Egyptian Protests Look Set to Spread After Violent Clashes

Egyptian riot police move forward to push back protesters during clashes in downtown Cairo, Egypt, in the early hours of Wednesday, Jan. 26, 2011. (AP Photo/Ben Curtis)
(CNSNews.com) – Protest organizers in Egypt called early Wednesday for a two-day national strike after a day of sometimes violent demonstrations described by observers as the most significant popular challenge to the 30-year rule of President Hosni Mubarak.
On the streets and online, many protestors and political groups are invoking the recent uprising in Tunisia, whose long-serving president, Zine El Abidine Ben Ali, fled to Saudi Arabia on January 14 after weeks of unrest.
Tunisia’s “Jasmine Revolution” has inspired demonstrations in Egypt, Algeria, Jordan and elsewhere, stoking speculation about a possible “domino effect” across a region where despotic and dynastic rule is the norm.
Tuesday’s protests in Cairo and other Egyptian cities were the most serious so far. At least two demonstrators were killed in the port city of Suez while the foreign ministry reported that a security force member died after being injured during clashes in the capital.
Some of the biggest skirmishes occurred in Cairo’s centrally-located Tahrir Square, where police used teargas to disperse more than 5,000 people, many of whom had earlier vowed to maintain a sit-in until demands for political and economic reforms were met.
Those demands include the scrapping of a three decade-old emergency law which among other things outlaws unauthorized demonstrations, an increase in Egypt’s minimum wage and, crucially, presidential term limits that would end the 82 year-old Mubarak’s long grip on power. Presidential elections are due later this year.

“First in Tunisia now in Egypt” reads the slogan on a poster held by anti-government protesters in downtown Cairo on Tuesday, Jan. 25, 2011. (AP Photo/Nasser Nasser)
Protestors also railed against the president’s son and presumed heir, Gamal. Unconfirmed Arab media reports late Tuesday said Gamal Mubarak and his wife, accompanied by large quantities of luggage, had flown out of Cairo for Britain.

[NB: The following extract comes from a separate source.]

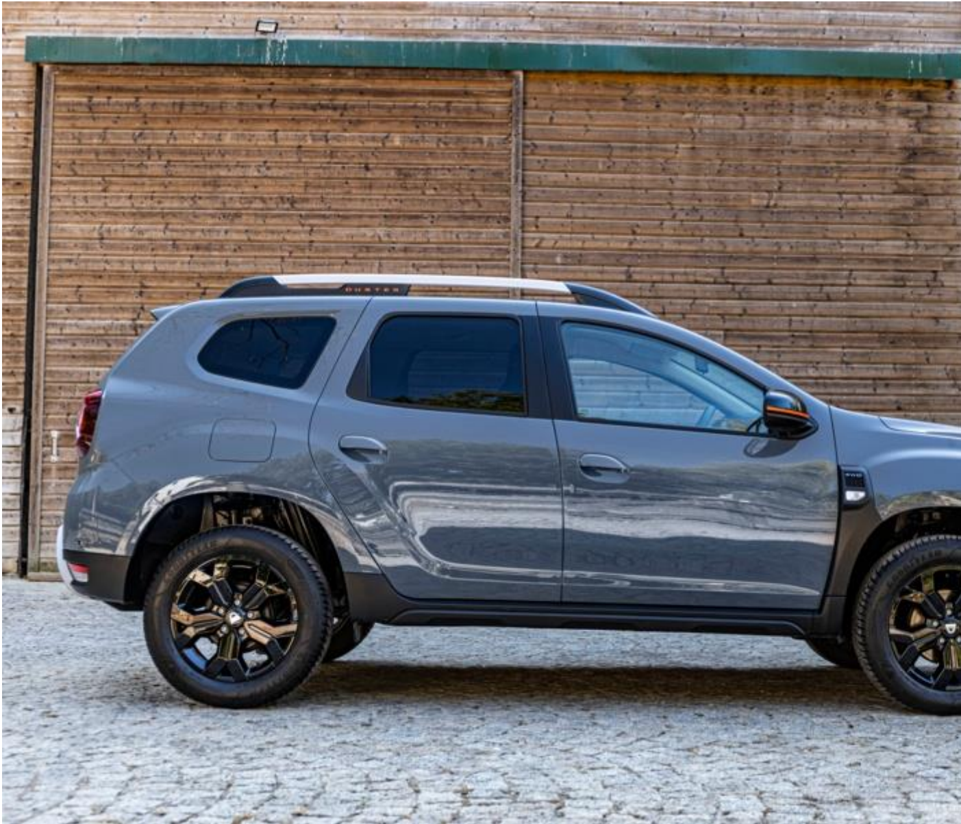
Snorkel, une pièce design sur Duster 2

Nous avons fait des économies en laissant la pièce brute, sans peinture, et gagné un design unique, qui donne un aspect baroudeur au Duster ! »

Tuesday’s “day of anger” was organized by reform groups Kifaya (“Enough”) and the April 6 youth movement, and was largely promoted via Facebook, Twitter and other Web sites. Twitter reported that its service was blocked in Egypt on Tuesday evening.
Egypt’s biggest opposition group, the formally banned Muslim Brotherhood, also participated in the protests despite earlier claims by the Islamist group’s chairman, Mohamed Badie, that security personnel had summoned Muslim Brotherhood officials across the country and threatened them with arrests and violence should they take part.

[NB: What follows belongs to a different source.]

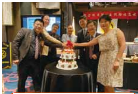
20200805 西區母社慶祝父親節
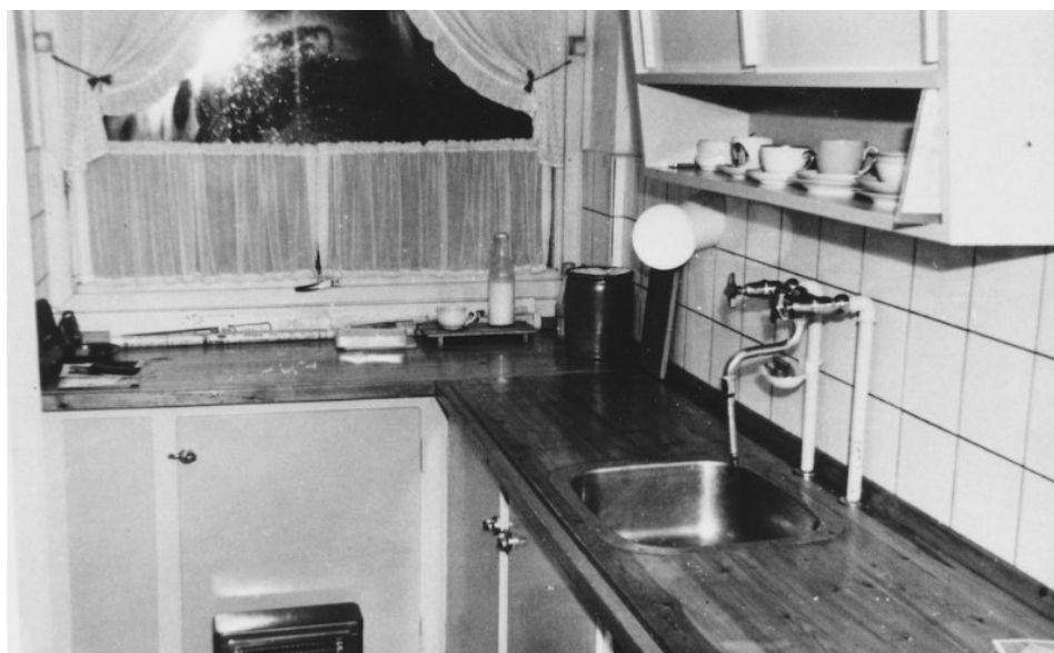
Køkken i Bredalsparken 1959

Festerne og arrangementerne er der stadig. Hvert år afholdes der julefester for børn og voksne, ældreskovtur og Høpsivøp-

The Muslim Brotherhood Web site early Wednesday reported the calls for an additional two days of protests, on Wednesday and Thursday.
Mubarak vs. Ben Ali
Egypt is the Arab world’s largest country (with a population more than seven times the size of Tunisia’s), a longstanding U.S. ally and the second-biggest recipient of U.S. military aid (after Israel).
The Obama administration’s response to Tuesday’s events was cautious.
Secretary of State Hillary Clinton urged restraint from “all parties,” but stopped short of criticizing the Mubarak government.
“Our assessment is that the Egyptian government is stable and is looking for ways to respond to the legitimate needs and interests of the Egyptian people,” she said during a joint media appearance in Washington with her Spanish counterpart.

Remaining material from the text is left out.